Foto : Istimewa

IntipSeleb – Di tengah sorotan publik terhadap gaya hidup mewah pejabat, terutama anggota DPR RI yang kini mendapat banyak tunjangan, ternyata ada kisah yang sangat inspiratif dari masa lalu.

Sosok itu adalah KH. Idham Chalid, seorang ulama kharismatik, tokoh Nahdlatul Ulama (NU), sekaligus negarawan yang kehidupannya bisa menjadi cermin untuk generasi sekarang.

Karier Politik Cemerlang

Idham Chalid bukanlah tokoh biasa. Karier politiknya begitu panjang dan gemilang. Ia pernah menjabat sebagai Wakil Perdana Menteri RI, Menteri Kesejahteraan Rakyat, Ketua DPR RI (1971–1977), hingga Ketua MPR RI.

Selain itu, dalam dunia organisasi, namanya tercatat sebagai Ketua Tanfidziyah NU terlama dalam sejarah, memimpin organisasi Islam terbesar di Indonesia selama 28 tahun (1956–1984).

Dengan jabatan mentereng tersebut, wajar bila orang mengira ia akan hidup penuh fasilitas dan kemewahan. Namun, yang terjadi justru sebaliknya.

Ketua DPR “Termiskin”

Idham Chalid dikenal sebagai pejabat negara yang anti terhadap gaya hidup mewah. Ia menolak fasilitas negara untuk keluarganya, termasuk tunjangan berlebihan dan mobil dinas. Prinsip itu membuatnya dijuluki sebagai Ketua DPR paling sederhana atau bahkan “termiskin” sepanjang sejarah.

Ada kisah yang membuat banyak orang terperangah. Meski ayah mereka seorang Ketua DPR, anak-anak Idham Chalid tetap hidup sederhana. Mereka tidak mendapat fasilitas khusus, tidak punya mobil dinas keluarga, bahkan harus naik metromini atau angkot untuk bepergian.
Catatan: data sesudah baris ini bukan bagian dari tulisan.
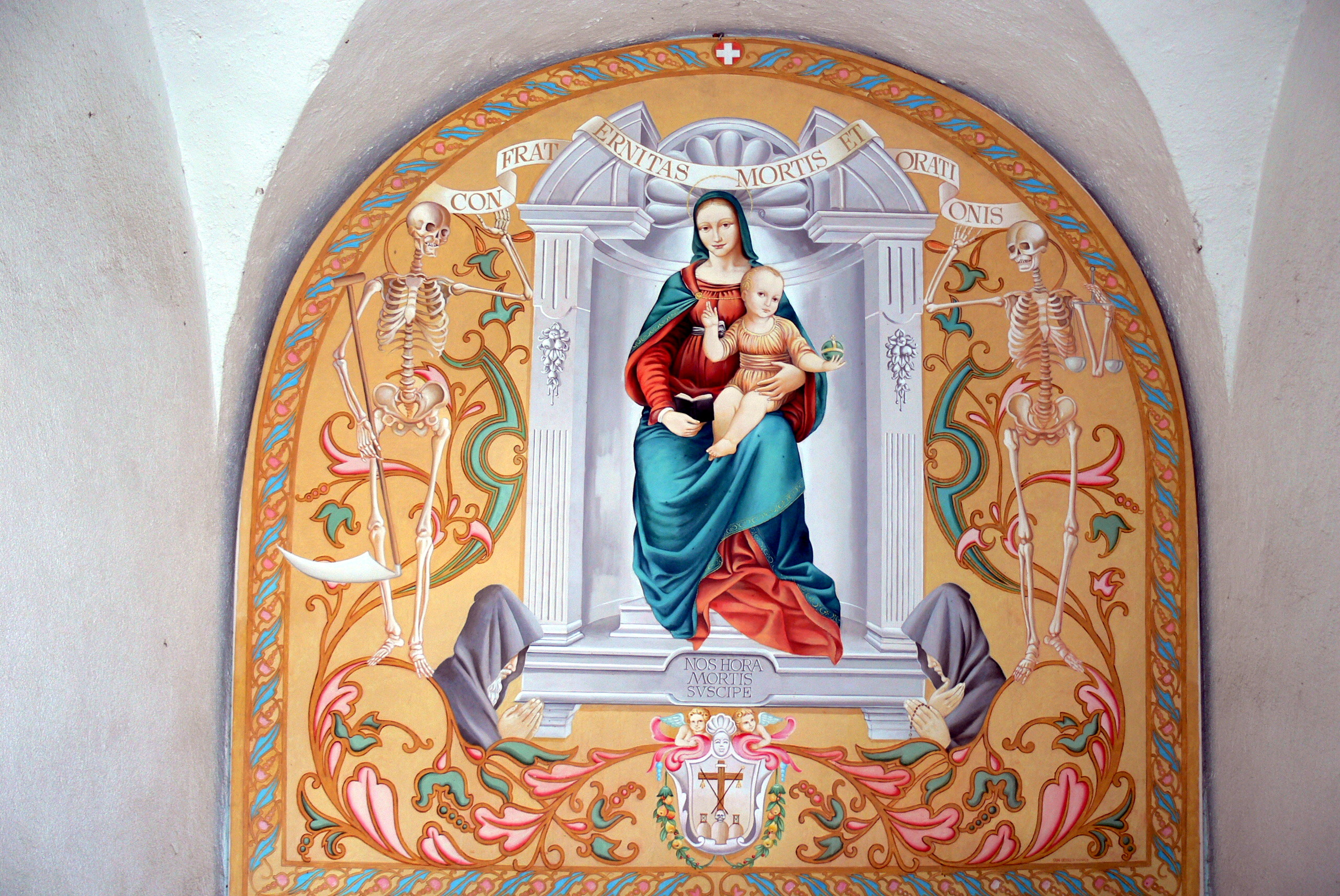 Rasa ( Intragna / Locarno ). Saint Anne church: Memorial of confraternity of death and prayer.
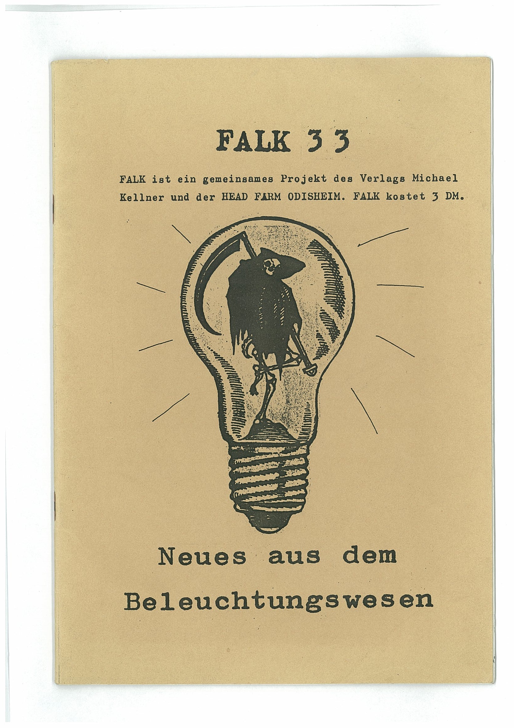 Cover of the German campy magazine Falk No 33

Beberapa anaknya bahkan sempat berjualan nasi dan air demi menyambung hidup. Hal ini tentu terasa langka, bahkan mungkin mustahil seorang Ketua DPR, tetapi keluarganya justru berjualan di jalanan. Namun, itulah bukti keteguhan sikap Idham Chalid.

Kembali ke Pesantren

Setelah pensiun dari dunia politik, Idham Chalid juga menolak tawaran bisnis sampingan. Ia tidak mau memanfaatkan nama besarnya untuk keuntungan pribadi. Sebaliknya, ia kembali mengabdi sebagai guru agama, memimpin pondok pesantren di Cipete Selatan, membina rumah yatim di Cisarua, serta mengajar murid-murid di rumahnya.

KH. Idham Chalid wafat pada 11 Juli 2010 di usia 88 tahun. Sepeninggalnya, ia tetap dikenang bukan karena kekayaannya, melainkan karena keteladanan, kesederhanaan, dan kejujuran yang ia tinggalkan.

Sebagai bentuk penghormatan, Bank Indonesia mengabadikan wajahnya dalam pecahan uang Rp5.000, menjadikannya simbol nyata bahwa hidup sederhana bisa meninggalkan jejak besar untuk bangsa.